Spine Fusion
A spinal fusion is when two or more vertebrae in the low back are fused together to create a solid bridge of bone between the vertebrae and across the disc space. A fusion is usually performed to eliminate movement between vertebrae and stabilize a painful or unstable segment of the spine. A posterior spine fusion approaches the spine through the back to accomplish the fusion.
Posterior spinal fusion has high success rates in patients with spondylolisthesis or scoliosis. Sometimes patients with spinal stenosis also benefit from a fusion if a disc is collapsed and the neural foramen, or exiting space for the nerve, needs to be spread open. Posterior fusion for dark, or worn-out, discs is less reliable than when other conditions such as those listed above are also present.
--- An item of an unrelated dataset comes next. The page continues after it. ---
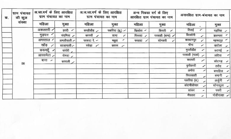 अकलतरा जनपद पंचायत के ग्राम पंचायत का आरक्षण प्रक्रिया हुआ सम्पन्न, देखें सूची

After general anesthesia, an incision is made over your lower back and your muscles are gently pulled away from your spine to expose the lumbar vertebrae. If your nerves are under any pressure they are decompressed. The surgeon takes small pieces of bone from the outside part of the back of your pelvis and these pieces are used to stimulate the fusion. The bone on the lower part of your spine is then roughened up and the graft is then placed closely against the roughened-up bony surfaces to help produce fusion. Many times, the surgeon also performs an interbody fusion in which the disc is removed and replaced with either solid bone from a cadaver or a carbon fiber cage packed with your own bone. This increases the chances of successful fusion.
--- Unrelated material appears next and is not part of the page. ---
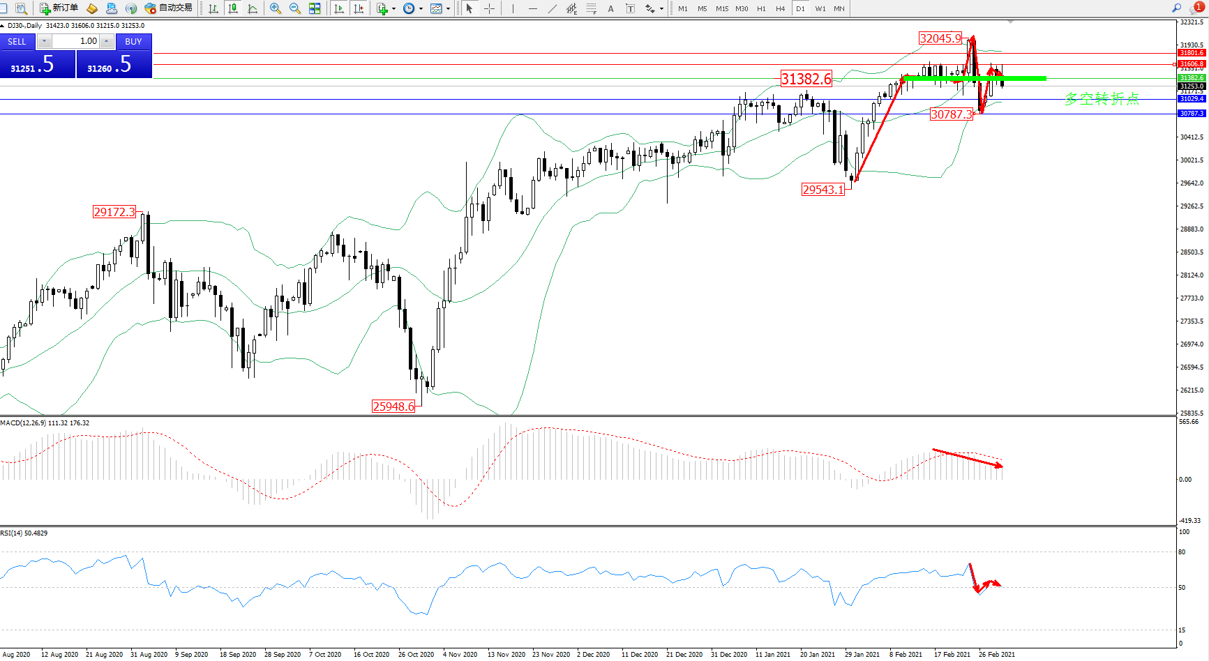道琼斯指数3月3日(周三)收盘下跌119.98点,跌幅0.38%,报31271.54点;美国密切关注的小非农ADP就业数据表现不及预期和前值,就业市场继续全面缓慢复苏,商品生产行业的就业增长正停滞。在疫情仍占主导地位的情况下,服务业仍远低于疫情前水平;然而,随着开业时间的临近和消费者信心的增强,这个行业可能会是最大的受益者。市场密切关注的,美国2月非农就业报告将于周五(3月5日)公布,目前市场预计新增就业人数为19.5万,前值为4.9万人;市场预计失业率为6.3%,前值为6.3%;市场预计美国2月平均每小时工资年率5.3%,前值为5.4%。新冠疫苗的迅速接种推动了经济快速反弹的希望,美国1.9万亿美元经济刺激计划的进展几乎没有带来喘息的机会,美联储哈克表示,不会在2022年的任何时候加息,如果要加息,可能在2023年底。缩减购债规模的策略将与上次复苏的情况类似。可能使用的工具包括收益率曲线控制。没有看到通胀率很快超过2%的迹象。

Screws, plates, and rods (also known as hardware) are used to immobilize the spine which enhances the healing process. Hardware acts as an internal splint, or, like a rebar in concrete, and increases the chances of fusion. Hardware also allows for the correction of deformity in the spine.
One of the two most common complications of posterior lumbar fusion is a spinal fluid leak. This occurs in about 3% of patients who have never had prior surgery and up to 10% of patients who have had prior surgery. Spinal fluid leaks are repaired but may add 1–2 days to the hospital stay.
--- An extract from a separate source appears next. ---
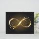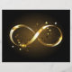 Gold, jewellery infinity symbol with gold stars on a black background. Design with gold star.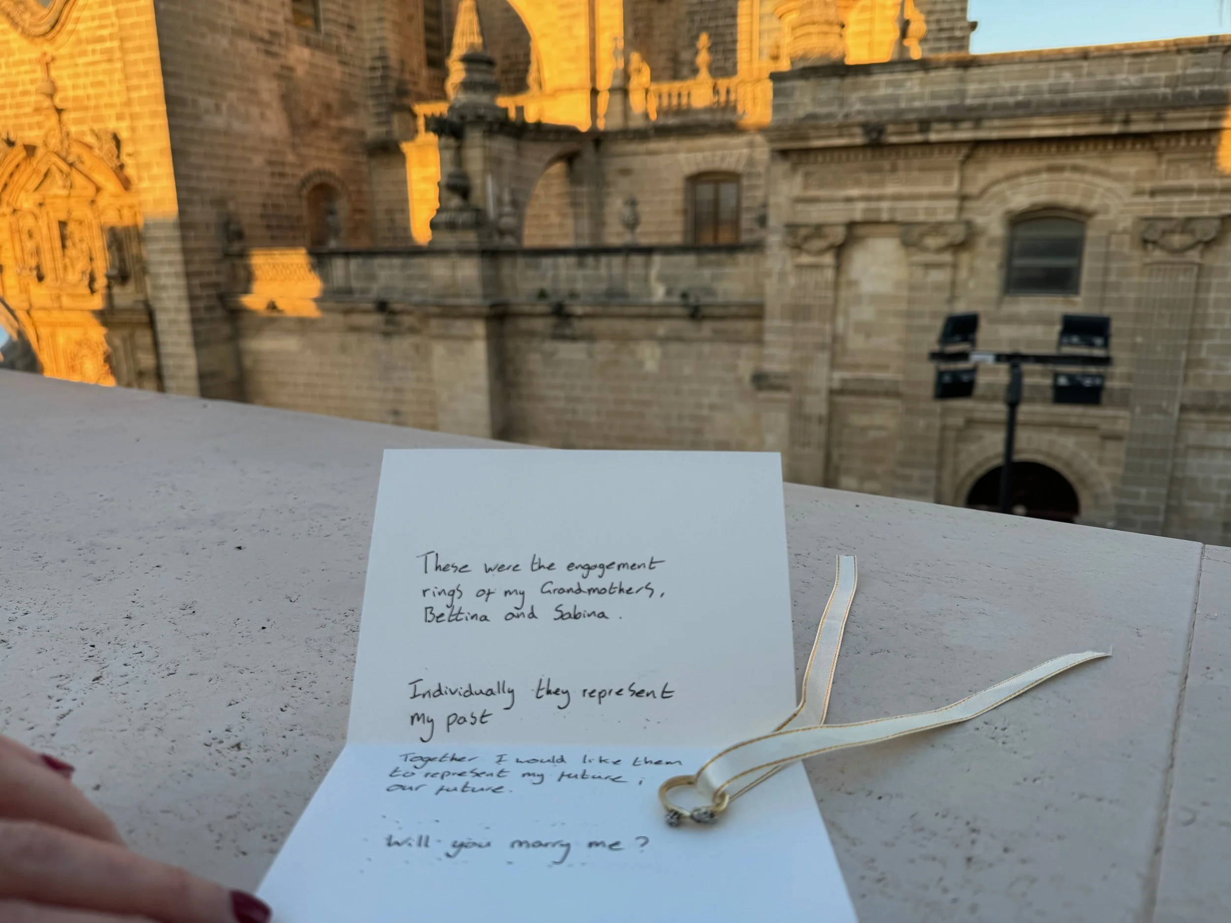 We got engaged at the Tio Pepe Sherry Bodega in Jerez de la Frontera (which is lovely). At the Bodega the cellar-master some years ago shared some crumbs from his lunch with the cellar mice and allowed them some sherry too. This affection for the mice has continued to this day and the cellar-master provides a glass with a small ladder so that the cellar mice can have some sherry at their leisure. Their favourite is the cream sherry, which you will have the opportunity to sample at our wedding.

Nonunion, or failure of the vertebrae to fuse, occurs in up to 5% of nonsmokers for a one-level fusion and up to 20% of smokers. Nonunion rates rise with the number of levels of the spine to be fused. Nonunions can require more surgery.
Infection rates average 1-2% and may require further surgery and antibiotics. Nerve damage is rare and is generally limited to one nerve going to one leg and is not a cause of paralysis.
Complications associated with the placement of the screws include bone breakage and nerve damage. Dr. Button uses live x-ray imaging to help minimize risks associated with hardware placement.
Epidural hematomas are collections of blood that can put pressure on the nerves and cause severe pain. They occur in less than 1% of cases and are usually recognized in the hospital and resolve with another surgery to evacuate the blood collection. The surgeon will place drains during surgery to minimize the chance of an epidural hematoma.
Fusion rates in non-smokers are usually greater than 95% for one-level fusions. Significant pain relief is seen in about 85% of patients with spondylolisthesis or scoliosis as the cause of their pain.
Most patients are ready to go home by the second or third day after surgery. Within the first few weeks following discharge, we encourage you to begin walking for one half hour to two hours each day. If you were given a brace, you must wear it during the day although you can remove it to sleep or shower. You should be able to go up and down stairs, drive, and perform basic daily activities without too much of a problem. Activity limitations and other details are found in Dr. Button’s aftercare instructions.
Spine fusion is generally an elective surgery. Therefore, it is your choice to proceed based on your current level of discomfort and disability. We recommend that you do not have surgery if you can live with your current level of pain or can make changes in your lifestyle to decrease the pain. If you have made a valiant effort and the pain still persists, surgery may be your next step.